Vice President for Family Income Support Policy
Yesterday, the Republican Study Committee issued a press release announcing one of its first ideas for tackling spending: eliminating the TANF Emergency Fund, which the RSC says would save $25 billion over the next decade “by restoring welfare reform.” There are so many problems with this proposal that it’s hard to know where to begin. Here are the facts:
As we’ve explained before, the RSC’s claim that the TANF Emergency Fund “incentivizes states to increase their welfare caseloads” is simply wrong. States didn’t have to increase their caseloads to qualify for money from the fund. In fact, some states whose caseloads had sharply declined despite the recession used money from the fund to help create subsidized jobs or provide one-time assistance to families in crisis (such as help paying a back rent or utility bill for a family facing eviction).
In addition, people receiving TANF assistance funded through the Emergency Fund had to meet the same stringent work requirements imposed on other TANF recipients. They had 12 weeks to find a job — an extremely difficult task in today’s labor market — after which they had to meet their work requirement through other work activities, such as unpaid work. A limited number of recipients were permitted to pursue short-term education and training.
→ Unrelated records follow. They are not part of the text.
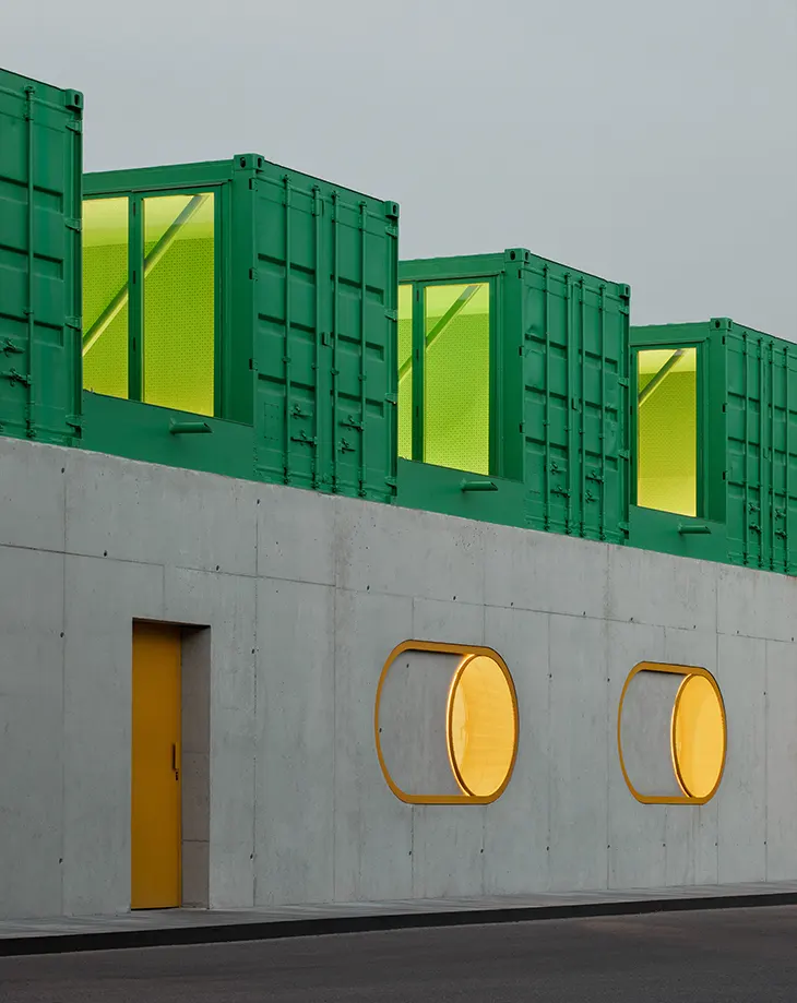 The spatial structure of the building follows a clear and repeatable system. Four reused shipping containers, opened along two sides, rest on a concrete plinth shared with the surrounding industrial buildings. Their arrangement forms a saw-tooth roof profile that operates as a sequence of skylights. This configuration introduces consistent daylight deep into the interior while creating a controlled lighting environment suited to office work and laboratory activity. The north-facing orientation of the roof openings ensures stable and diffused natural light throughout the day.
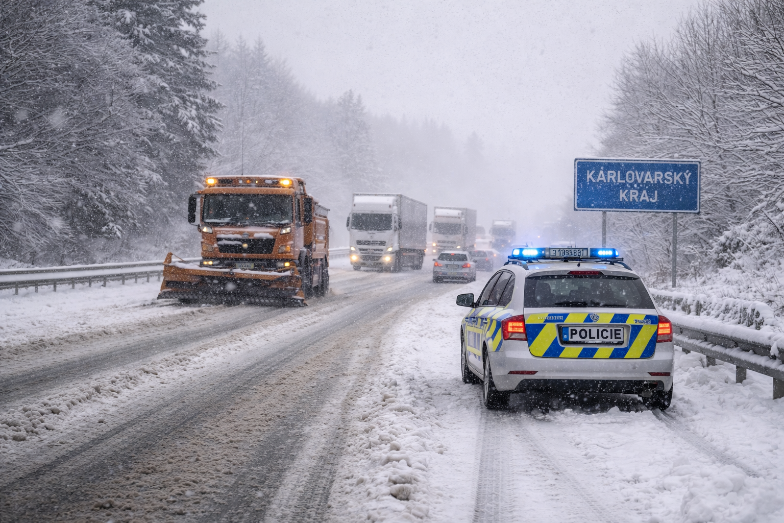 V Karlovarském kraji sněžilo od čtvrteční noci a kvůli několikadenním mrazům zůstává sníh na silnicích ležet. Sněžit v regionu přestalo kolem 9. hodiny, přesto podle údajů Ředitelství silnic a dálnic (ŘSD) a policie stále komplikuje dopravu na mnoha místech. Policisté kvůli počasí zasahovali u zhruba dvaceti dopravních nehod, naštěstí se obešly bez zranění.
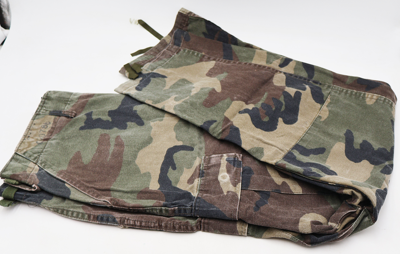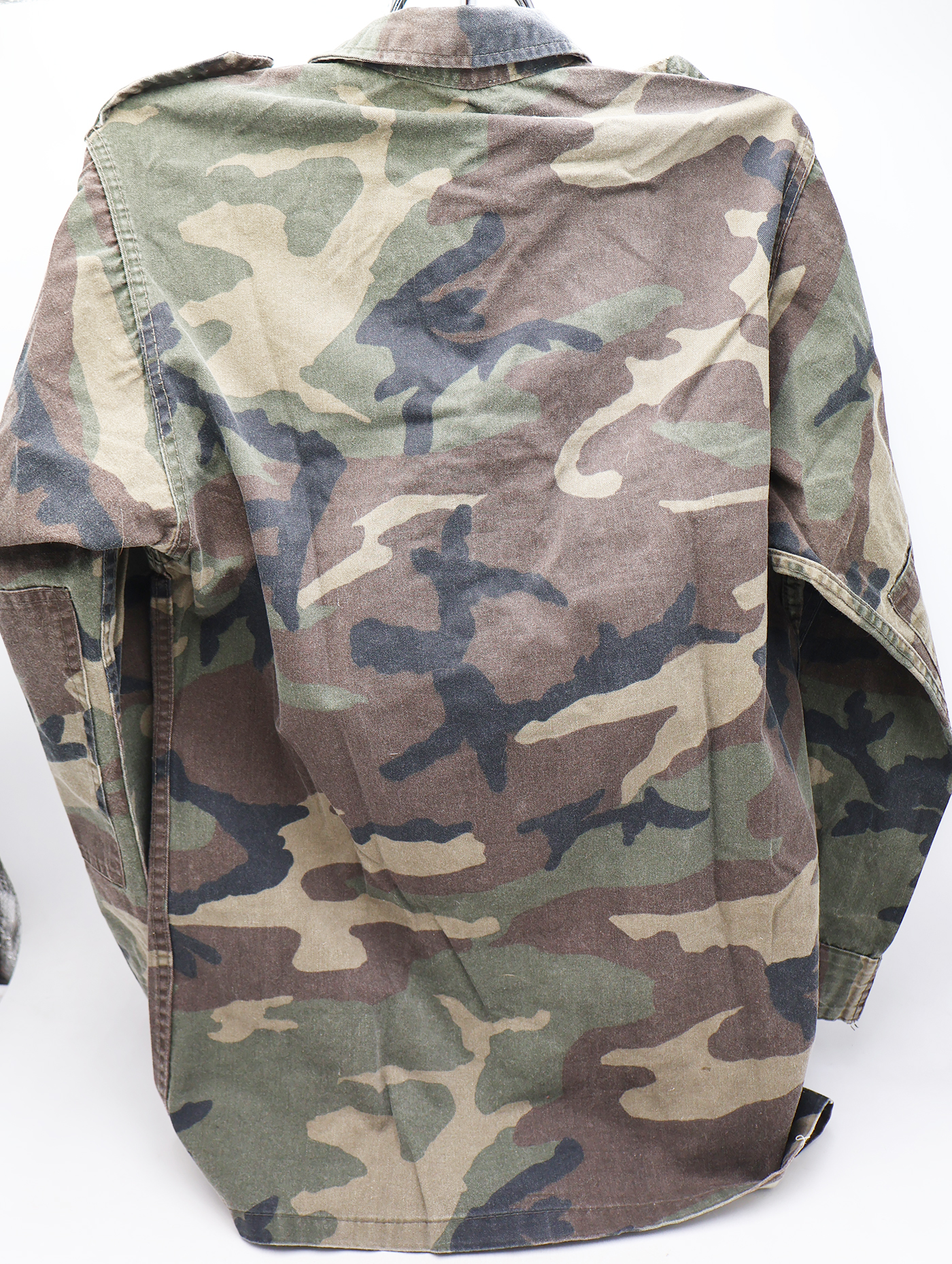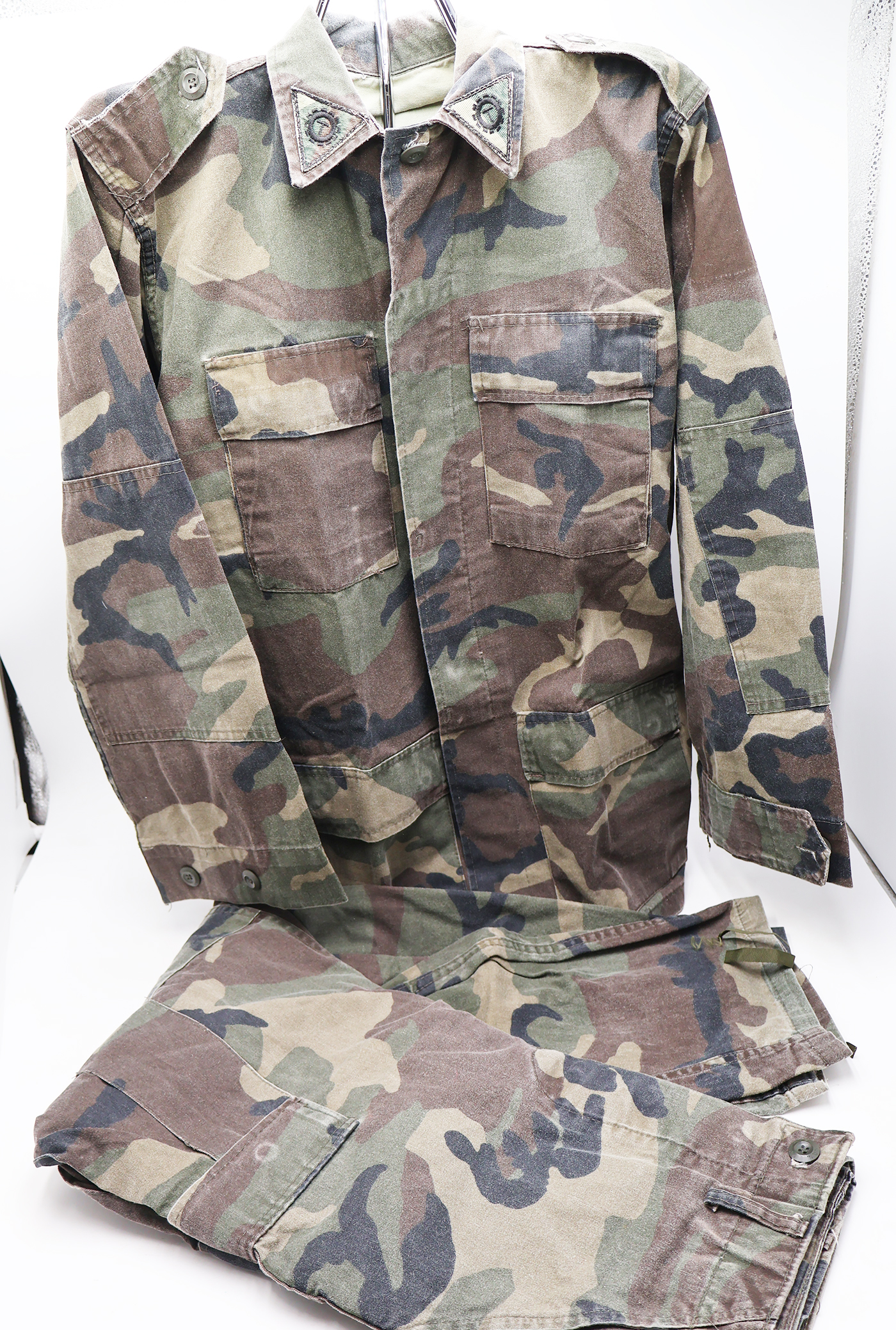 1980's Mexican Army Camouflage Shirt and Trousers. Cotton material. Has been issued with some wear from usage. Overall, in good condition. Insignia is in good condition. Shirt measures shoulder to shoulder 16 inches, front chest size 28 inches, sleeve length from shoulder to cuff is 23 inches and top of the neck to the base of the shirt is 32 inches. Trousers measure 32 inches at the waist and 30 inches at the inseam.
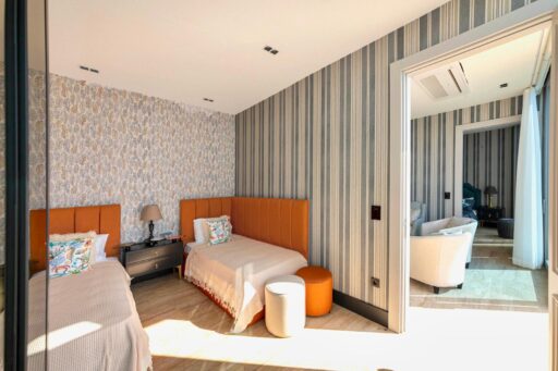 Çocuk yatak odası ve ebeveyn yatak odası dublekstir, alt katlarında banyo ve giyinme odası üst katlarında yatak odası bulunmaktadır. Odaların kendilerine ait banyo-wc ve seyir bahçesi vardır.
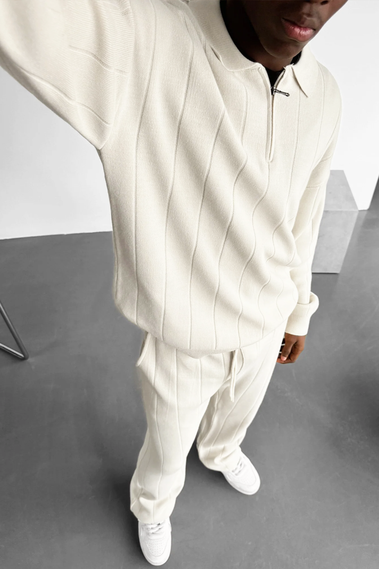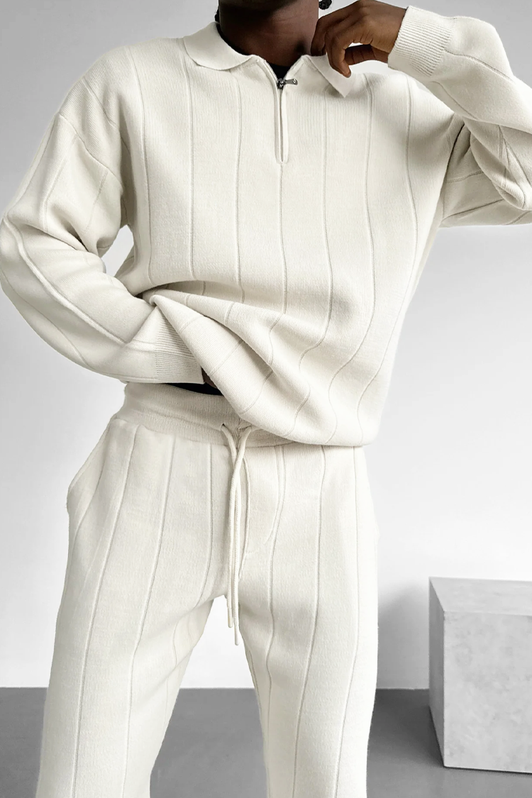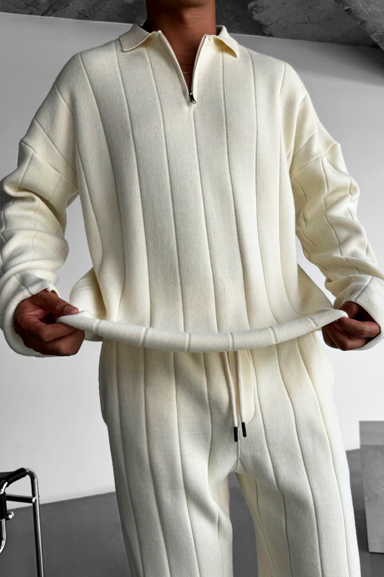 - Wygodny męski dwuczęściowy komplet składający się z bluzki z kołnierzykiem i spodni.
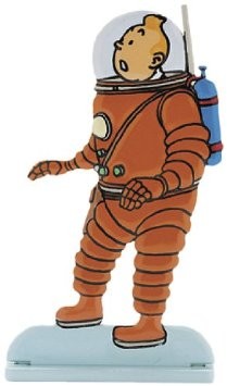 TENTEN - 2D METAL TINTIN EXPLORERS ON THE MOON FIGURINE 6,2cm. yüksekliğindeki el boyaması metal figürde Explorers on the moon sayfa 37 kare B1 esas alınmıştır. Tenten 2D metal serisi 18. yüzyıl "plat d'etain" kurşun figür çizgisindedir.
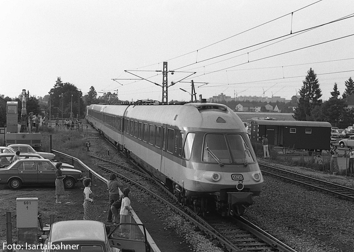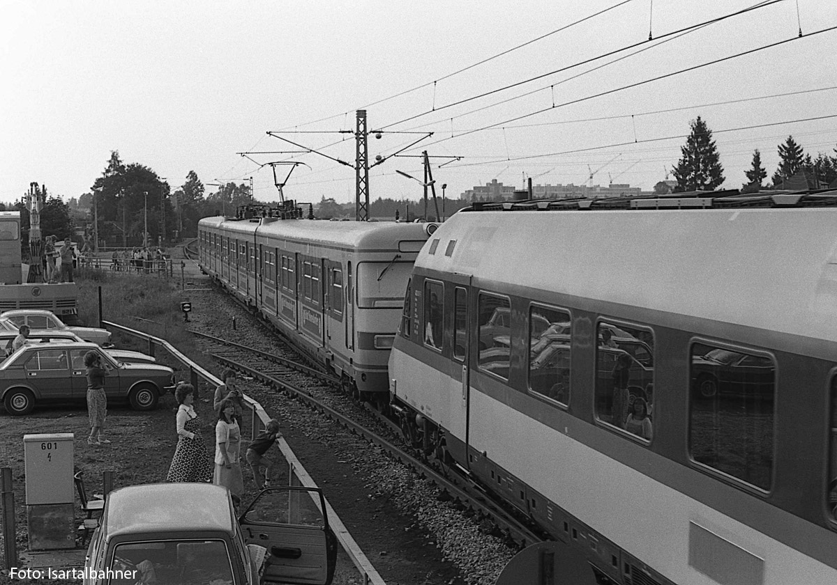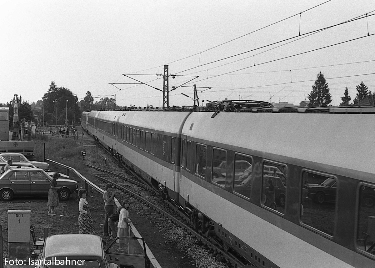 11. + 12.) Am 21. und 22. Juli 1979 fand in Neubiberg eine DB-Veranstaltung statt, bei der die Fahrzeuge 420 038ff, 403 003ff, 41 018 sowie die TAG 7 mit TAG-BLV-Wagengarnitur ausgestellt waren. Nach Ende der Veranstaltung am Abend des 22. Juli zog der 420 den abgebügelten 403 nach München. An der Bahnhofsausfahrt geht es über den Bahnübergang der Hauptstraße / Äußeren Hauptstraße. Rechts im Hintergrund sieht man die Gebäude des Siemens-Standortes Neuperlach.
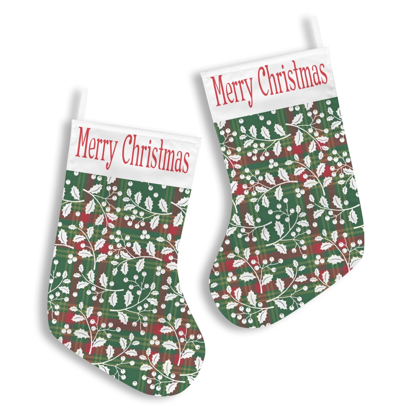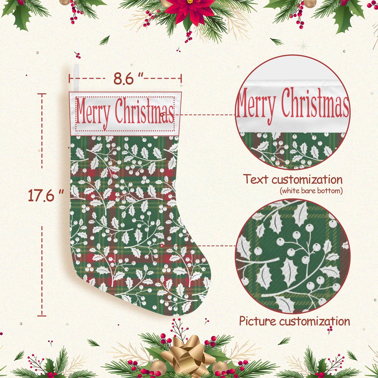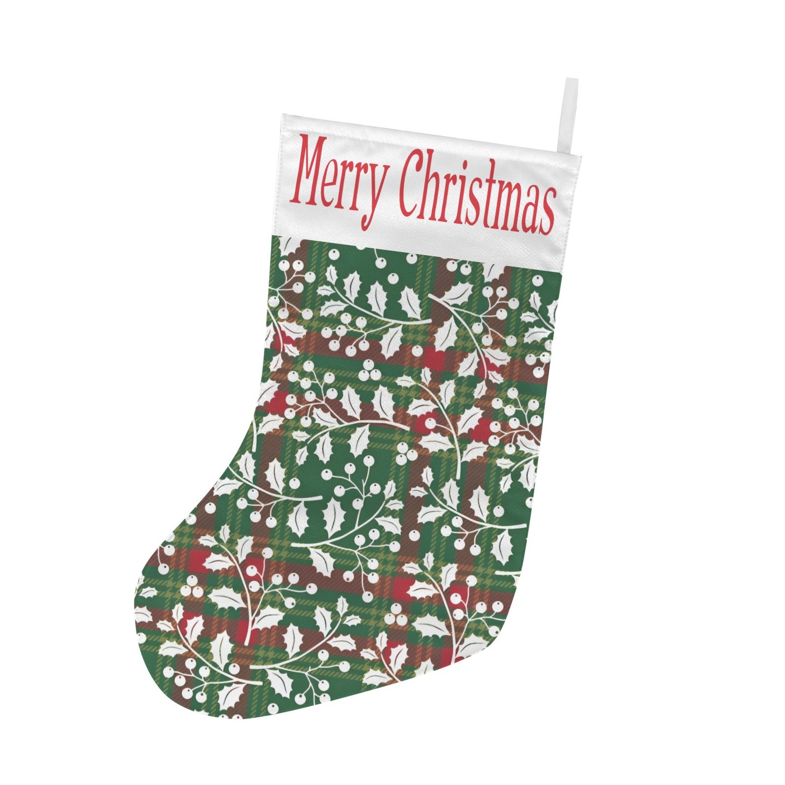 Add festive sophistication to your holiday celebrations with the Christmas Stockings | Holiday Stocking Sock | White Holly. Featuring white holly leaves, berries, and branches over a classic green and red plaid background, this stocking brings a traditional yet striking touch to your Christmas setup.
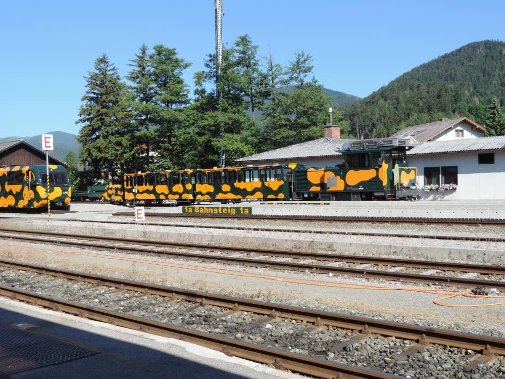 Es gibt verschiedene Züge; Sonntags und auf Vorbestellung eine Nostalgie Dampfbahn und ansonsten zwei verschiedene neue Garnituren, die wir heute ausprobierten.Die Züge haben den Namen Salamander und sind dementsprechend auch so bemalt.

The TANF Emergency Fund reduced unemployment in communities across the nation that were hard hit by the recession, and it brought businesses, non-profits, and government agencies together to provide jobs for people who were eager to work to support their families. When it ended on September 30th, tens of thousands of people lost their jobs — and more will lose their jobs by the end of the year as states scale back or close down their subsidized jobs programs. That, of course, is the exact opposite of what the economy needs right now.